Настоятельница подошла к моим товарищам, встав между ними.
— А теперь ваша очередь.
Яшмовая печать дважды клацнула по их бумажным фигуркам.
* * *
Результат настоятельницу весьма удивил, а меня незримо щёлкнул по носу, осаждая разгоравшуюся гордость.
Го-кун также без особых усилий справился с поставленной задачей и повторил мой манёвр с метанием офуда. Сикигами, вобравший его взрывную духовную силу воткнулся в деревянную раму, пробив её тонким бумажным листом! А Фуми-тян, успевшая за это время исписать ещё с полдесятка катасиро, умудрилась призвать сразу шестерых сикигами и окружить себя крохотным «роем» бумажных фигурок, управляя ими, как дирижёр — оркестром!
Иоко-сэнсэй оказалась в полной растерянности. На лице женщины читалась и радость, и откровенное непонимание, словно она ожидала чего-то иного.
— Прошу прощения, но мне нужно незамедлительно поговорить с главой семьи, — торопливо сказала каннуси. — Попрактикуйтесь пока самостоятельно…
Женщина указала на стопки загодя подготовленных катасиро, помеченных печатью храма и уже обращённых к сусуватари. Взмахнула морщинистой ладонью в сторону Тайды-сан и нэкомата тотчас исчезла, бумажной фигуркой прыгнув хозяйке в рукав.
Фусума щелкнула за спиной настоятельницы, и мы остались втроём.
* * *
У меня было много офуда, на все случаи жизни. Наверное, даже чересчур много: для защиты от зла и для благодарения ками, для привлечения удачи и для сохранения здоровья, для удержания в доме любви, для разжигания страсти во время утех и для завлечения денег. Всё, что угодно.
Зачем столько в поместье Аоки, защищённом лучшими оммёдзи Японии? Но как иначе, если эти полоски бумаги, исписанные сакральными текстами, мне даже иногда по ночам снились? Начертание оберегов стало такой же второй натурой, как и притворство быть женщиной. А уж кудзи-кири давно стала утренней разминкой-скороговоркой для пальцев. Так что за бумажными оберегами дело не стало — их во внутренних карманах и кармашках отыскалось с запасом. Надевая бюстгальтер, я иногда даже между грудей укладывал минимальный набор «юного оммёдзи», готовясь в любую секунду изгонять полчища демонов. Поэтому без колебаний попробовал наново призвать слабого духа и опять отослать ещё один оберег, уже в другой угол.
Потом ещё и ещё…
Бросок всякий раз получался пижонистый и шикарный — просто на загляденье! Деревянную раму, на манер Го-куна, прошибить не выходило, но всё равно только гул стоял от трепетавшей в полёте бумажной ленты. А вот призыв, само «оживление» катасиро давалось с великим трудом.
Я неплохо прочувствовал тот самый момент использования духовных сил, накрепко запомнил сладкое возбуждение в миг применения. Но всякий раз словно выжимал силу по каплям, с досадой вспоминая пророческие слова Тайды-сан.
Товарищи, в пример мне, куда больше преуспевали.

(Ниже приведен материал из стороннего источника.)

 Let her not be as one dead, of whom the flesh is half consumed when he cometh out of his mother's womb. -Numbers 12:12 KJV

Гото-кун призвал духа и велел сикигами стать продолжением пальцев. С сосредоточенным взглядом и взмокшим от напряжения лбом юноша коротко двигал рукой, будто катаной. Нарезал листы писчей бумаги при помощи бритвенно острой катасиро, послушно следовавшей за его взмахами.

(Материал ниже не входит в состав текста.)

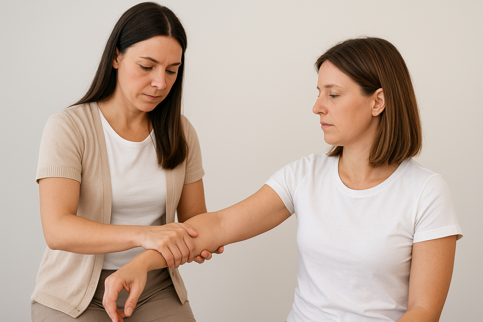 - Behandleren lægger let tryk: Trykket er ikke stærkt, men lige nok til at teste musklens evne til at “holde”.

А Фуми-тян спустя недолгое время действительно окуталась целым роем бумажных фигурок. Вокруг неё, как по орбите, летало почти три десятка сикигами. Девушка кружилась в этом облаке с пачкой катасиро и кистью в руках и в полнакала по-дружески подтрунивала надо мной и моими натужными попытками пробудить очередного духа-хранителя. С весёлым смехом понемногу, одного за другим, добавляя сикигами к своему «рою». Но очень скоро эта забава ей надоела, и подруга опять принялась заигрывать с Го-куном, оставив меня наедине с напряженными попытками призыва.
С каждым разом поведение девушки становилось всё наглей и бесстыдней, но я старательно играл роль наивной девицы и делал вид, что совершенно ничего не замечаю. Однако, всё чаще приходилось игнорировать совсем уж откровенную похабщину в исполнении подруги. И даже когда ворох сикигами, кружившихся вокруг Фуми-тян, безжизненно осыпался на татами, словно осенние листья на морозе, а девушка едва не прильнула к парню, на моём лице не дрогнул и мускул. Хвалёной «женской» интуицией я почуял, что на этот раз «удар» предназначался именно мне, а не Го-куну.
Фумико-тян своим поведением давала понять, что она привлекательней и сексуальней меня. Девушка росла стройной и даже хрупкой, а её фигуре шло любое кимоно, превращавшее просто хрупкую прелестницу в настоящую лунную принцессу юки-онна. Но Фу-тян — наивная! — кажется, всё больше завидовала моим формам — чаще украдкой смотрела на грудь, а не в глаза. Старалась добрать «баллы» внимания у Го-куна вызывающим поведением. Ошибочно видела во мне соперницу, прилагая все усилия, чтобы отвоевать внимание единственного мужчины в нашей компании.
* * *
Примерно через час пришла Умэко-сан. Учтиво поклонилась членам важных семей и передала слова настоятельницы: «Занятия на сегодня откладываются, потому что разговор с главой займёт куда больше времени, чем ожидалось». Захлестнувший нас задор и с головой укрывшее желание узнать ещё что-нибудь этакое, разбились о необычные обстоятельства. Мы начали разбредаться.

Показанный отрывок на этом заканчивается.